How has your experience at I.AIM changed you?
Over the past few months, my experience at I.AIM has gradually shifted my perspective. I used to approach research from a purely computational standpoint, but now I find myself thinking more deeply about the underlying biological mechanisms behind computational results. Understanding more about biology has also helped me design more effective and biologically meaningful models. This interdisciplinary growth has been invaluable, and I now see myself as a computational biologist rather than just a computational researcher.

What are your plans for the future?
I have always been fascinated by the latest advancements in AI and how they can be applied to genomics research. One area that particularly excites me is the application of large language models (LLMs) in genomics. DNA, in a way, is its own "language of life," and I believe that LLMs could play a crucial role in uncovering hidden patterns in genomic sequences. Moving forward, I plan to continue my research in genomics and epigenomics, integrating cutting-edge AI technologies to push the boundaries of our understanding in these fields.

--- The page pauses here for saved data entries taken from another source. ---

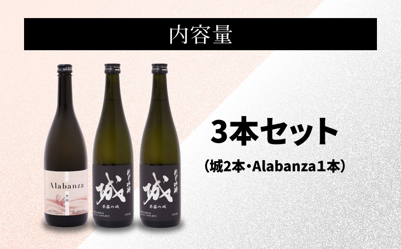 | 容量 | 【純米吟醸「城 ~不落の城」】720ml×2 【スパークリング 「Alabanza」~賛嘆~】720ml×1 ※20歳未満の者の飲酒は法律で禁止されています |
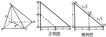 四棱锥P-ABCD的底面ABCD是正方形,E,F分别为AC和PB上的点,它的直观图,正视图,侧视图.如图所示,
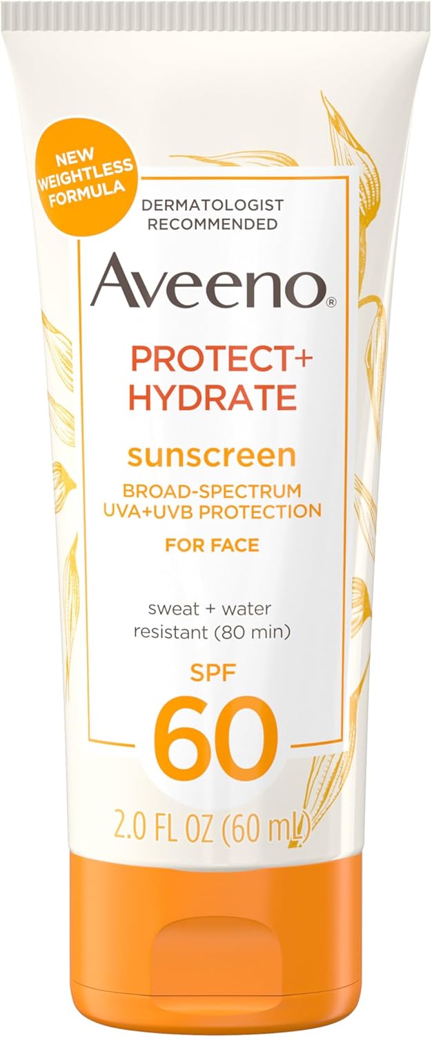 واقي من الشمس بحجم مناسب للسفر: زجاجة واحدة بسعة 2 اونصة سائلة من لوشن افينو Protect + Hydrate مرطب للوقاية من الشمس للوجه مع طيف واسع SPF 60 للمساعدة في حماية البشرة وتوفير ترطيب طوال اليوم
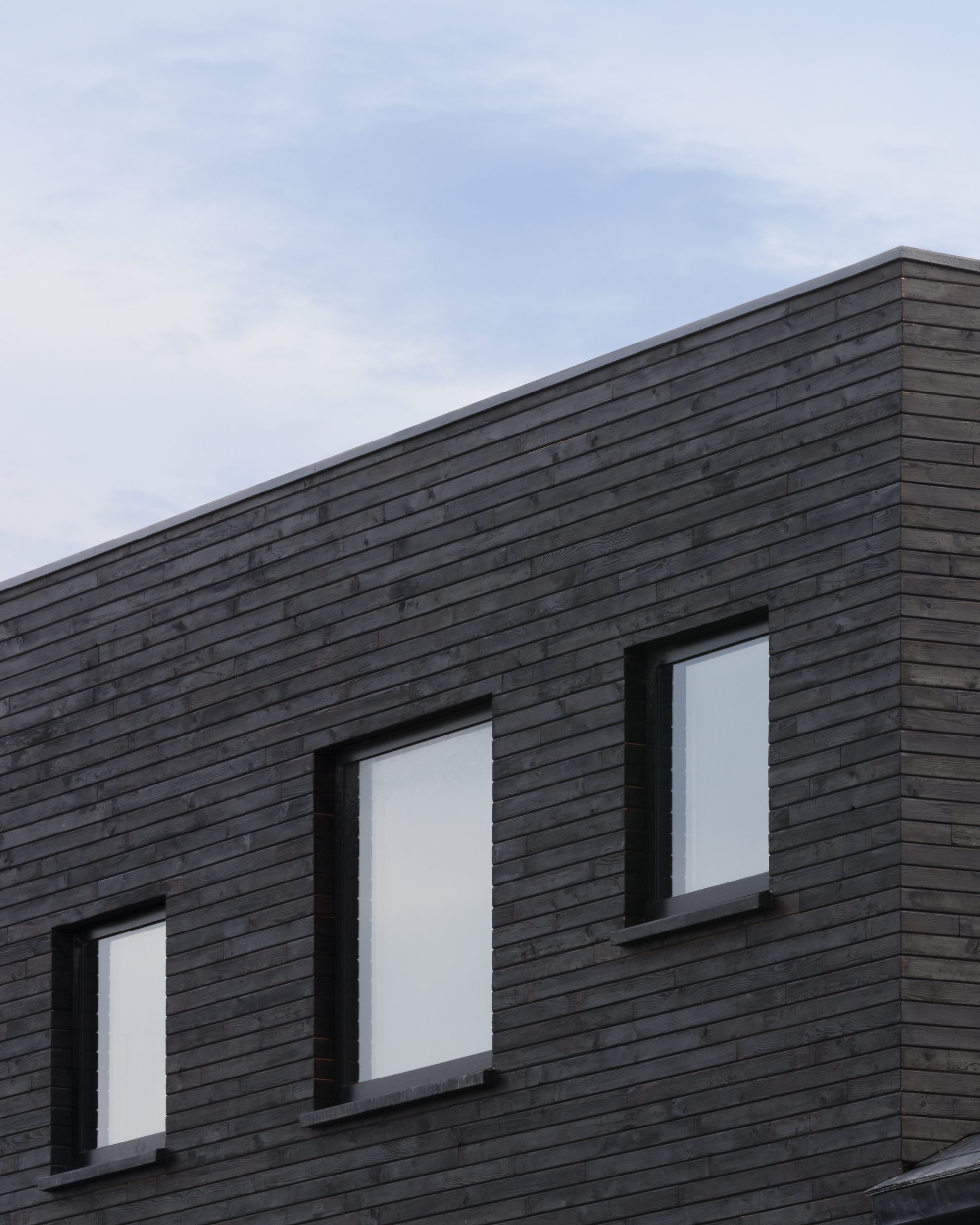 Deginto maumedžio eksterjeras subtiliai „užsuka“ ir į namelio vidų – įrėmina langus ir gražiai kontrastuoja su šviesia interjero plokšte. Architektas atkreipia dėmėsį, kad fasadui naudotą maumedį degino pats patalpų šeimininkas ir sako, kad ugnimi apdirbta mediena turi didžiulį privalumą: išorinis deginto medžio sluoksnis tampa atsparus oro poveikiui bei apsaugo vidinę dalį. Žinoma, ne mažiau svarbus ir vaizdas, nes deginto medžio fasadas tikrai išsiskiria iš aplikos.
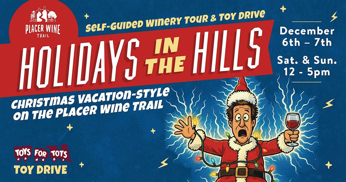 THEME - MEET THE GRISWOLDS - CHRISTMAS VACATION STYLE ON THE PLACER WINE TRAIL! Fire up the RV. Untangle the lights. Pour the wine. Join us for the most over-the-top, wine-filled and fun-filled holiday open house this side of the Sierras! Over two dozen local wineries bringing you cheer - and maybe a squirrel or two! Griswold Family Dress Code Encouraged! (Ask Chat GPT for help or just go for an ugly sweater!)
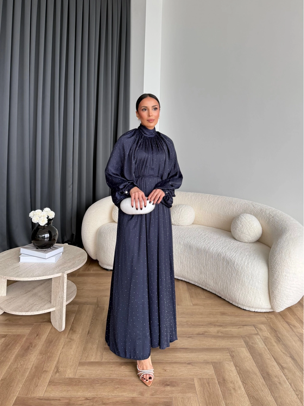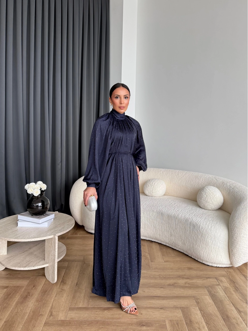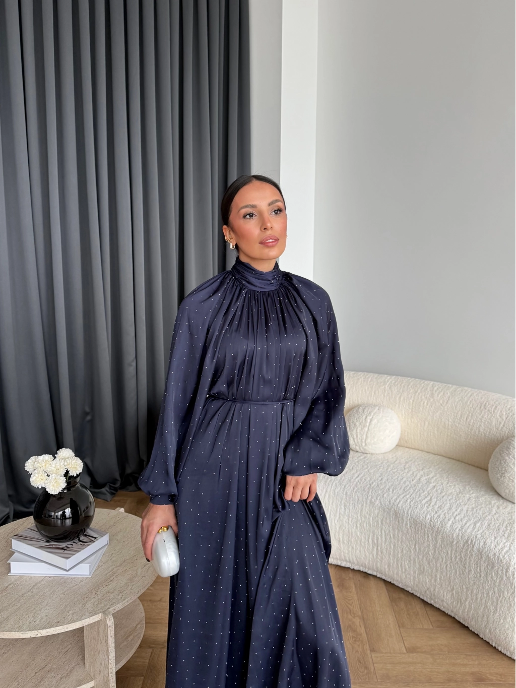 Hew - Gasto Taşlı Saten Elbise - Lacivert
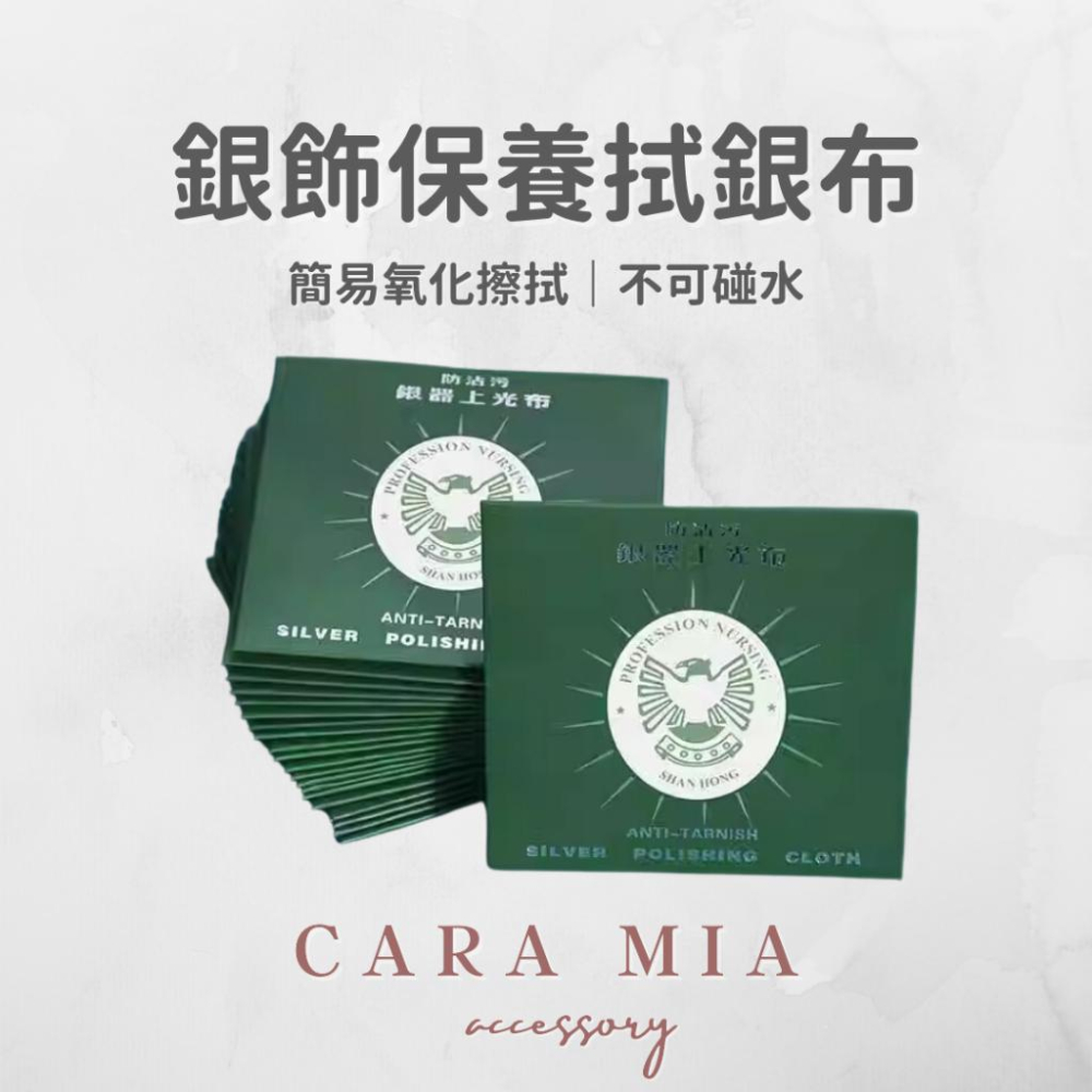 品名:銀器保養拭銀布 尺寸:8*8cm 規格:一代布為簡易氧化用,平常若有再擦拭,買一代即可; 二代布有額外添加擦銀藥水,適合氧化較嚴重的銀飾保養 顏色:顏色隨機,無法挑選喔! https://s-cf-tw.shopeesz.com/file/tw-11134208-7r98t-lxgra5jgw9bac3 https://s-cf-tw.shopeesz.com/file/tw-11134208-7r98s-lxgra5jgxnvq07 https://s-cf-tw.shopeesz.com/file/tw-11134202-7r98t-luaqf8zrabv0d0 https://s-cf-tw.shopeesz.com/file/tw-11134202-7r991-luaqf97iyylr8e 歡迎光臨【CARA MIA】 - 親愛的! 我們是一家專營高品質飾品的零售批發經銷商, 提供各種項鍊、耳環、耳針、戒指以及飾品包材和飾品材料等配飾。 我們的品牌理念是「願你真的能找到自我、忠於自我、活出自我」。 CARA MIA相信每個人都是獨一無二的,值得被善待和珍惜。 因此,我們提供各種獨特風格的飾品,讓您能夠展現自己的個性和獨特魅力。 無論您喜歡簡約、華麗、時尚還是優雅, 純銀還是鈦鋼,輕奢還是平價, 包含各種場合、客製化及送禮的需求,我們都有適合您的飾品選擇。 除了致力於提供優質的飾品及材料,確保我們的商品符合高品質標準。 我們也很注重外觀設計,已及佩戴舒適度和耐用性。 我們由蝦皮代開電子發票,如有需要請至email後台索取。 為保障雙方權益,請您在收到貨物時開箱錄影, 若有任何問題並不要先行完成訂單,以便進行退換貨服務。 物流提供宅配和超商取貨的選項, 確保您能夠快速收到所訂購的心愛飾品。 而我們的出貨時間通常在0.5-2天內。 若有任何問題,或是合作洽詢, 您可以透過蝦皮聊聊與我們聯繫, 或者發信至holacreation.tw@gmail.com。

What projects are you currently working on or interested in?
I am currently working on developing a foundational epigenetics model aimed at elucidating the complex regulatory relationships between epigenetic signals—such as histone modifications and DNA methylation—and gene expression. Recent advancements have demonstrated the potential of large AI models in genomics. By leveraging these technologies, I hope to build a model that can provide deeper insights into gene regulation and epigenetic mechanisms.

Would you like to share a publication you are most proud of being associated with?
One of my recent publications, which was published a few months ago, is titled: A Novel Classification Framework for Genome-Wide Association Study of Whole Brain MRI Images Using Deep Learning. Unlike traditional genome-wide association studies (GWAS) that rely on univariate analyses of summarized imaging features, our work employs a deep learning classification framework to analyze MRI images based on single nucleotide polymorphism (SNP) genotypes. Using simulations and real-world data from the Alzheimer's Disease Neuroimaging Initiative (ADNI), we demonstrated that this approach could identify novel genetic variants associated with brain phenotypes. While this study serves as a proof of concept, it highlights the potential of deep learning in uncovering complex, nonlinear relationships between genetics and brain structure—offering an alternative to traditional GWAS methods.

What is a cause that you are passionate about?
I am deeply passionate about making AI-driven biological research more reproducible and interpretable. AI has the power to revolutionize genomics, but without rigorous validation and careful interpretation, models can lead to misleading conclusions. I advocate for interdisciplinary collaboration between AI researchers and biologists to ensure that AI models truly benefit biomedical research.

What have you learned (or are learning) that has made a difference for you?
One of the most valuable lessons I have learned is the importance of experimental validation in computational research. It’s easy to get excited about a model with high accuracy, but real-world biological applications require validation through independent experiments. This shift in mindset—from focusing solely on computational metrics to prioritizing biological relevance—has significantly shaped my research approach.

What has been your greatest challenge?
One of my biggest challenges has been bridging the gap between AI and biology. Coming from a computational background, I initially found it difficult to understand the complexities of molecular biology. Learning to communicate effectively with biologists and designing AI models that align with real-world biological constraints has been a steep but rewarding learning curve.

What advice would you give to a student interested in getting into this field of study?
I would advise students to develop both strong computational skills and a solid understanding of biology. AI-driven genomics is an interdisciplinary field, and success requires knowledge in both domains. Additionally, I recommend engaging in hands-on projects—whether through coding, analyzing real biological datasets, or collaborating with biologists—to gain practical experience.